● GOAL OF THE EXERCISE
Return exactly the lines from the start of the records below through the line containing "Wave after wave", both ends included, and leave out the pictures.

Extracted records

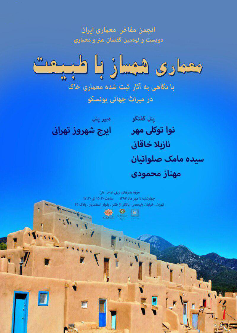 به گزارش گالري آنلاين به نقل از روابط عمومي انجمن مفاخري معماري ايران، در دويست و نودمين گفتمان هنر و معماري که به معرفي مشخصه هاي موثر خاک براي کاربرد در ساخت و ساز امروزي و قابليت هاي آن براي بکارگيري در ساخت سر پناه موقت و اضطراري در شرايط وقوع بحران هاي طبيعي و انساني و يا در مناطق دور از مراکز شهري مي پردازد، مهندس نوا توکلي مهر، دکتر نازيلا خاقاني، دکتر سيده مامک صلواتيان و دکتر مهناز محمودي سخن خواهند گفت که با نمايش فيلم همراه است و دبير پنل گفتگو دکتر ايرج شهروز تهراني است.
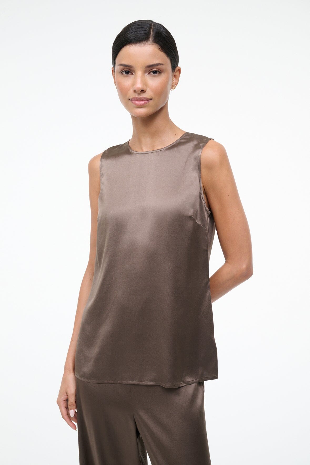 The Bronte Top has been updated in 100% silk – a chic. effortless shift tank that can be paired with our Stroll Silk Pant.
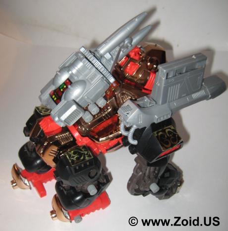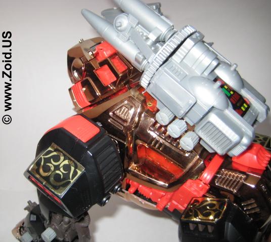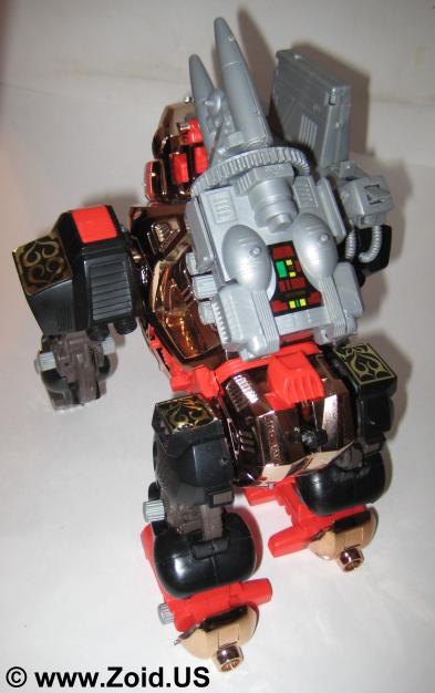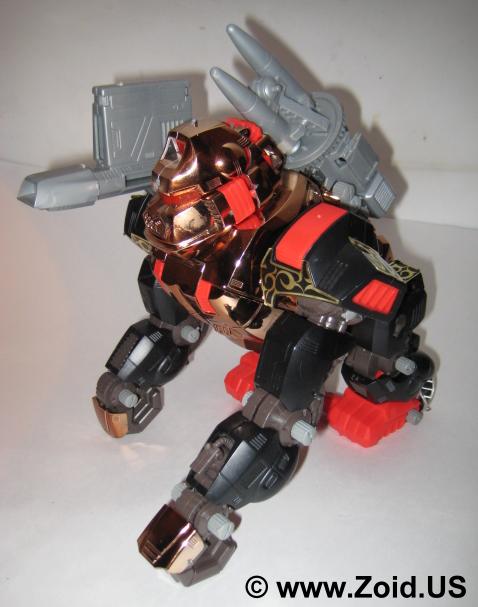 Iron Kong is nothing short of delightful to build. Again the engineering on this piece is amazing and in my mind still competes with the toy releases of today. The build is relatively short, with the majority of the pieces being larger. When turned on, Iron Kong moves forward in true ape like fashion with it's head turning, missile pack rotating, and eyes blinking. Price range varies depending upon release, and an example of a complete Iron Kong MK II Ltd can fetch upwards of 4,000 US. Iron Kong is a fun build and one that's not to be missed by both the average and the avid fan. Below is the Zoids 2 Version. The color of the chrome on this unit is very copper. As with all Zoids 2 models the tribal and celtic stickers make an excellent accent, and this piece is probably one of my favorite versions of the Iron Kong.
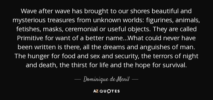 Wave after wave has brought to our shores beautiful and mysterious treasures from unknown worlds: figurines, animals, fetishes, masks, ceremonial or useful objects. They are called Primitive for want of a better name...What could never have been written is there, all the dreams and anguishes of man. The hunger for food and sex and security, the terrors of night and death, the thirst for life and the hope for survival.
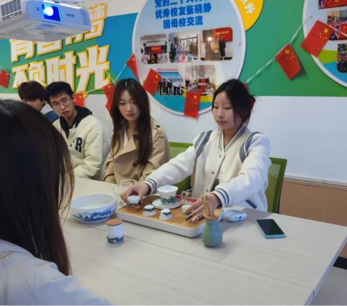 同学们积极参与体验,在实践中亲手泡茶、奉茶,见证了茶叶在水中舒展、茶汤逐渐金黄透亮的奇妙变化,也体悟到泡茶时专注当下的心境。在郭柯颖同学的耐心指导下,同学们认真学习温杯、置茶、冲泡、奉茶等步骤,一招一式都学得有模有样,专注于每一个细节,力求将茶汤的色香味展现到最佳状态。小小的一杯茶,已然超越饮品范畴,成为同学们修身养性、提升文化素养的独特媒介。

● WRITTEN SOLUTION
 به گزارش گالري آنلاين به نقل از روابط عمومي انجمن مفاخري معماري ايران، در دويست و نودمين گفتمان هنر و معماري که به معرفي مشخصه هاي موثر خاک براي کاربرد در ساخت و ساز امروزي و قابليت هاي آن براي بکارگيري در ساخت سر پناه موقت و اضطراري در شرايط وقوع بحران هاي طبيعي و انساني و يا در مناطق دور از مراکز شهري مي پردازد، مهندس نوا توکلي مهر، دکتر نازيلا خاقاني، دکتر سيده مامک صلواتيان و دکتر مهناز محمودي سخن خواهند گفت که با نمايش فيلم همراه است و دبير پنل گفتگو دکتر ايرج شهروز تهراني است.
 The Bronte Top has been updated in 100% silk – a chic. effortless shift tank that can be paired with our Stroll Silk Pant.
 Iron Kong is nothing short of delightful to build. Again the engineering on this piece is amazing and in my mind still competes with the toy releases of today. The build is relatively short, with the majority of the pieces being larger. When turned on, Iron Kong moves forward in true ape like fashion with it's head turning, missile pack rotating, and eyes blinking. Price range varies depending upon release, and an example of a complete Iron Kong MK II Ltd can fetch upwards of 4,000 US. Iron Kong is a fun build and one that's not to be missed by both the average and the avid fan. Below is the Zoids 2 Version. The color of the chrome on this unit is very copper. As with all Zoids 2 models the tribal and celtic stickers make an excellent accent, and this piece is probably one of my favorite versions of the Iron Kong.
 Wave after wave has brought to our shores beautiful and mysterious treasures from unknown worlds: figurines, animals, fetishes, masks, ceremonial or useful objects. They are called Primitive for want of a better name...What could never have been written is there, all the dreams and anguishes of man. The hunger for food and sex and security, the terrors of night and death, the thirst for life and the hope for survival.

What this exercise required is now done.